§ **Source material**:
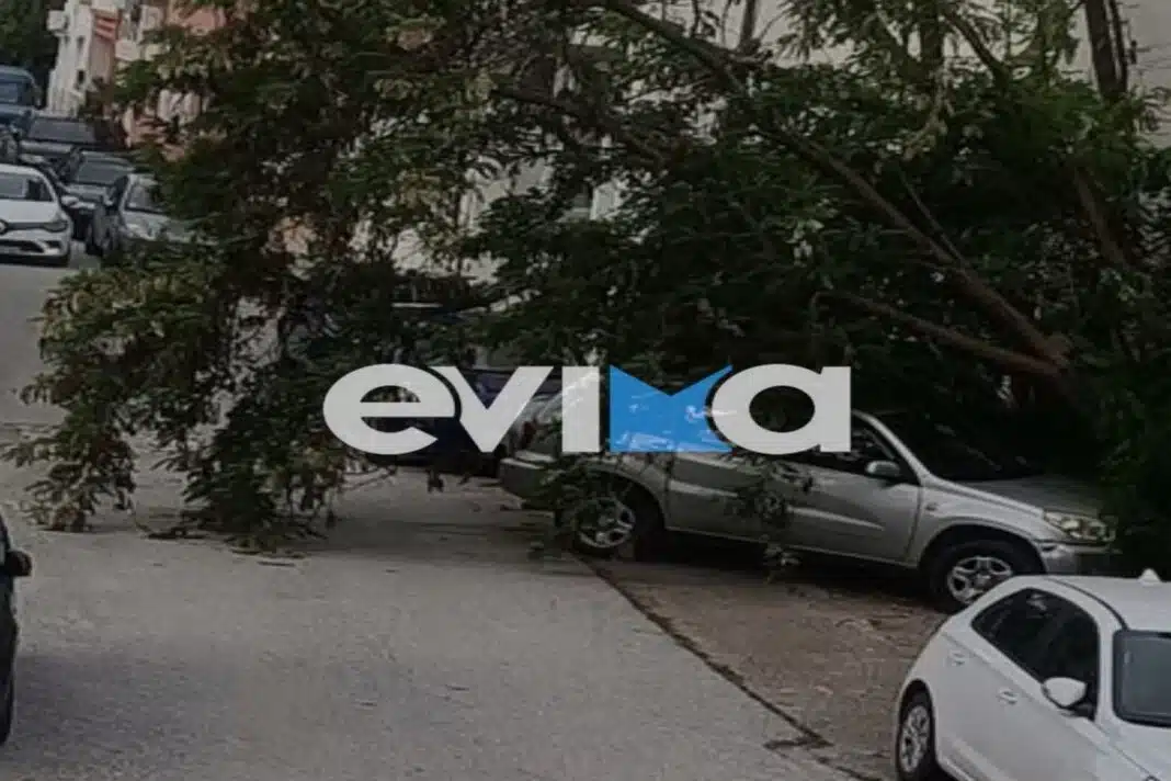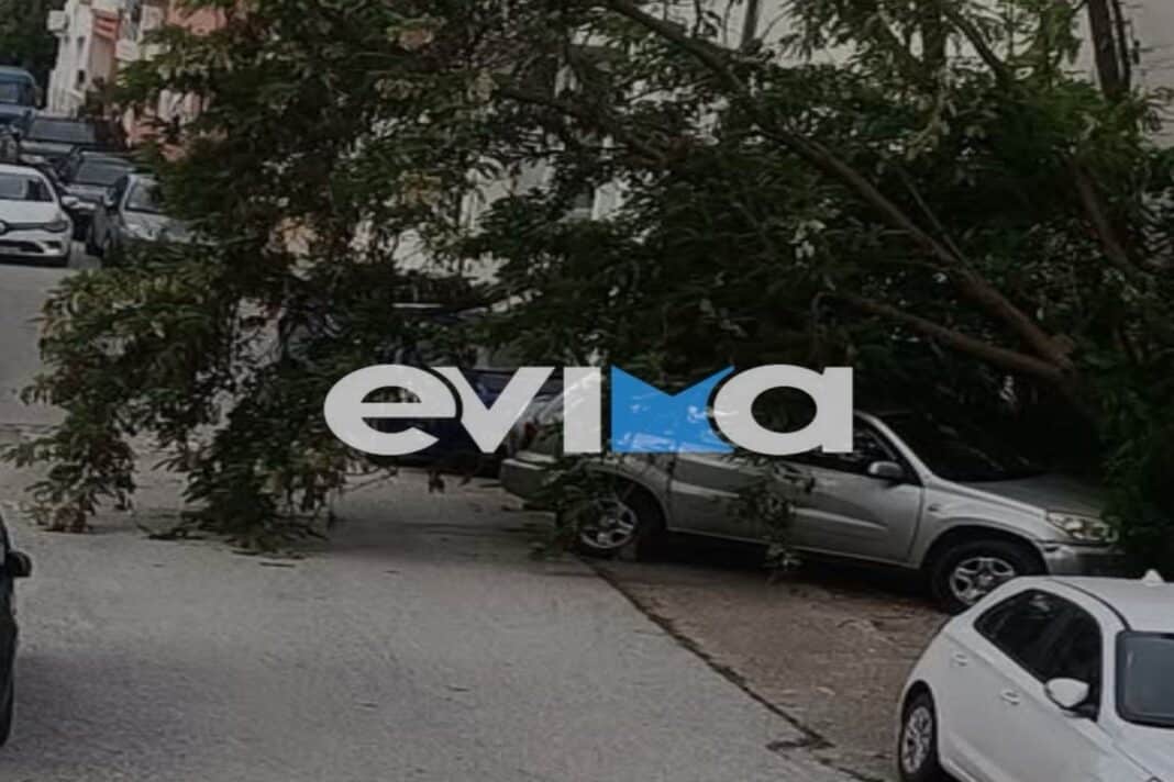 Ενα μεγάλο δέντρο έπεσε πάνω σε αυτοκίνητο το μεσημέρι της Δευτέρας (28/4) στην Εύβοια λόγω των ισχυρών ανέμων.
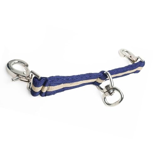 Longierbrille Pferd mit Karabiner - ideal für die Longe für gleichmäßiges Longieren, Gymnastizieren (Dunkelblau Creme)
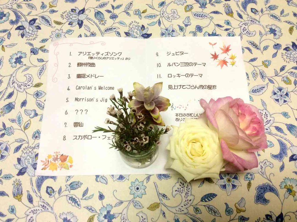 ご本人様のご了承を得て、昨日のカフェコンサートのセットリスト🤳しまーす😋
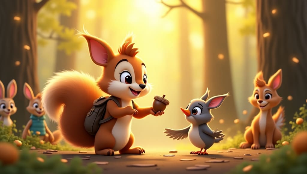 From that day on, the animals of the forest made a promise—to always help one another, no matter how small the deed. And Sammy, the little squirrel with a big heart, continued to spread kindness wherever he went.
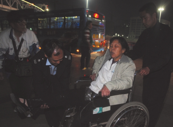 昨晚,2路公交车将湖南游客邵南方、秦晓娥夫妇送到潍坊火车站。本报记者 孙国祥 摄
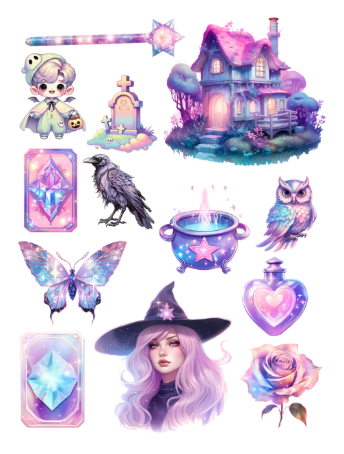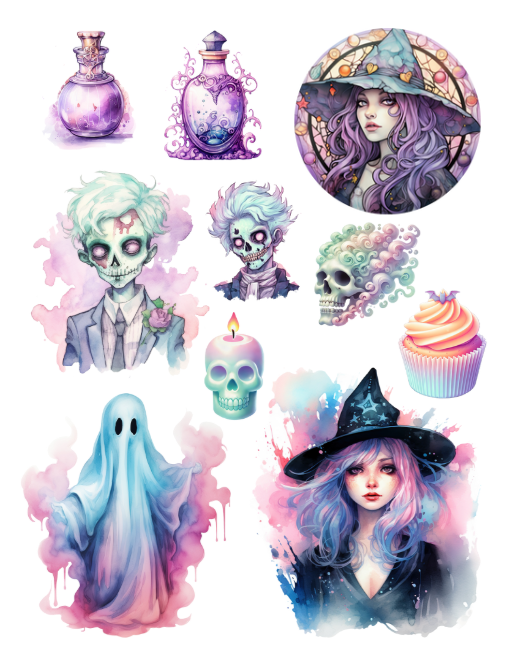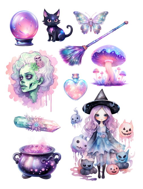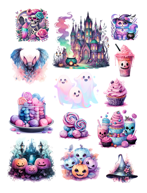 Pull out your scissors and glue and dive into the magical world of pastels at Halloween time featuring witches, cauldrons, brooms, pumpkins, ghosts, goblins, candies and cakes, spooky haunted houses, spiders, potions and notions, cats, mushrooms, crystal balls, cupcakes, candles, ravens, owls, roses, and more with this artistically beautiful clip art cut and collage book.
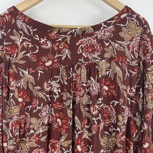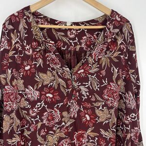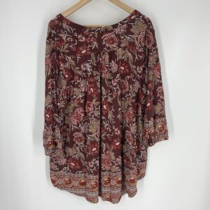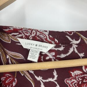 Lucky Brand Top Size 2X Womens Red Floral Print Blouse Boho V Neck Border Shirt
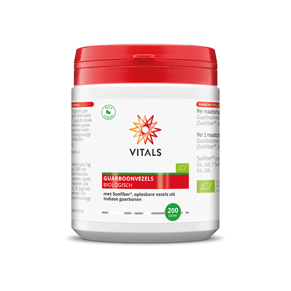De guarplant (Cyamopsis tetragonoloba) wordt in meerdere delen van India gekweekt, zelfs op plaatsen waar grote droogte heerst. De bonen en bladeren van deze plant maken al duizenden jaren deel uit van het Indiase voedingspatroon. Guarbonen zijn een rijke bron van oplosbare prebiotische vezels. In Guarboonvezels Biologisch van Vitals wordt gebruikgemaakt van Sunfiber®. Dit is de merknaam van guarboonvezels die door toepassing van een natuurlijk fermentatieproces hun superieure gebruiksvriendelijke eigenschappen krijgen, zoals een uitstekende oplosbaarheid in water. De gefermenteerde guarboonvezels van Sunfiber® worden wereldwijd beschouwd als de ideale vezels!
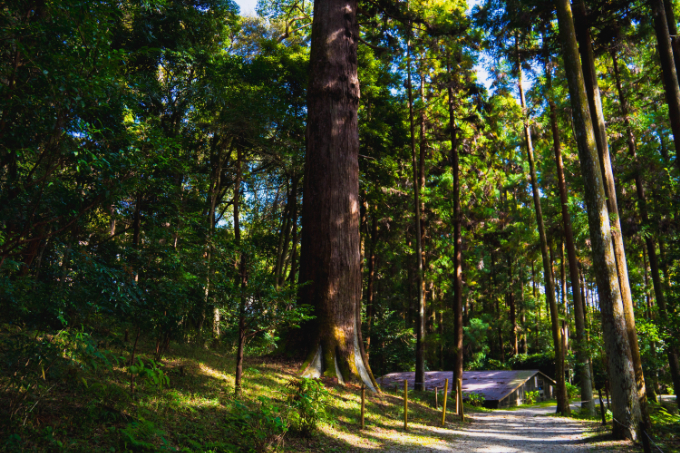 境内に一歩足を踏み入れると、そこには「しなねの森」と呼ばれる深い鎮守の森が広がっています。
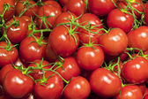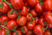 Surowe pomidory wiśniowe Ornela tło makro. Tekstura małych pomidorów w kształcie butelki. Dojrzałe warzywa organiczne zbliżenie. Zdrowe jedzenie wegetariański składnik żywności. Koncepcja zbiorów. Widok z góry.
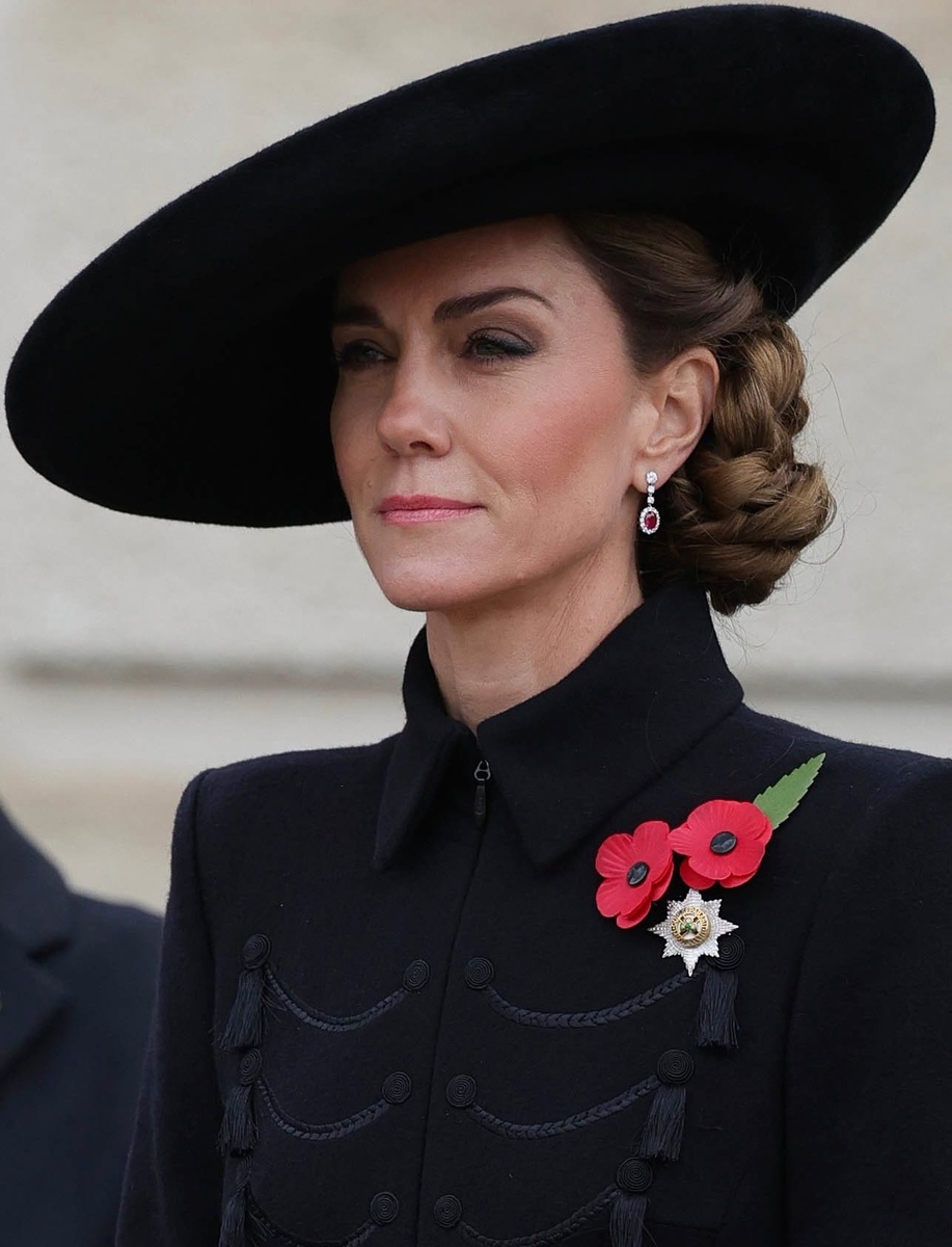 Сегодня супруга наследника совершила сольный выход, посетив очередное мероприятие, посвященное Дню памяти. На ежегодной службе у Мемориала Вооруженных сил Кэтрин побывала впервые, присоединившись к ветеранам и их семьям. В одиннадцать часов принцесса присоединилась к военнослужащим в минуте молчания, а затем возложила венок в память о павших. К венку была прикреплена рукописная записка, в которой говорилось: "В память о тех, кто принес высшую жертву, мы будем помнить их. Кэтрин". Сообщается, что присутствие королевской особы "подчеркивает ее многолетнюю работу с военными сообществами и то личное значение, которое она придает признанию опыта и жертв Вооруженных сил". На Кейт было черное пальто от Кэтрин Уокер, которое она надевала в прошлом году на мероприятие в Воскресенье памяти. Принцесса украсила пальто двумя маками и брошью. Также на супруге наследника были серьги в виде капель с бриллиантами и рубинами. Сегодня же состоялся аналогичный выход Камиллы, которая отпра

§ **Your instructions**: In the listing above, find the line containing "De guarplant (Cyamopsis" and the line containing "Surowe pomidory wiśniowe". Reproduce those lines and all between them exactly, with no pictures and nothing more.

§ **Problem solution**:
De guarplant (Cyamopsis tetragonoloba) wordt in meerdere delen van India gekweekt, zelfs op plaatsen waar grote droogte heerst. De bonen en bladeren van deze plant maken al duizenden jaren deel uit van het Indiase voedingspatroon. Guarbonen zijn een rijke bron van oplosbare prebiotische vezels. In Guarboonvezels Biologisch van Vitals wordt gebruikgemaakt van Sunfiber®. Dit is de merknaam van guarboonvezels die door toepassing van een natuurlijk fermentatieproces hun superieure gebruiksvriendelijke eigenschappen krijgen, zoals een uitstekende oplosbaarheid in water. De gefermenteerde guarboonvezels van Sunfiber® worden wereldwijd beschouwd als de ideale vezels!
 境内に一歩足を踏み入れると、そこには「しなねの森」と呼ばれる深い鎮守の森が広がっています。
 Surowe pomidory wiśniowe Ornela tło makro. Tekstura małych pomidorów w kształcie butelki. Dojrzałe warzywa organiczne zbliżenie. Zdrowe jedzenie wegetariański składnik żywności. Koncepcja zbiorów. Widok z góry.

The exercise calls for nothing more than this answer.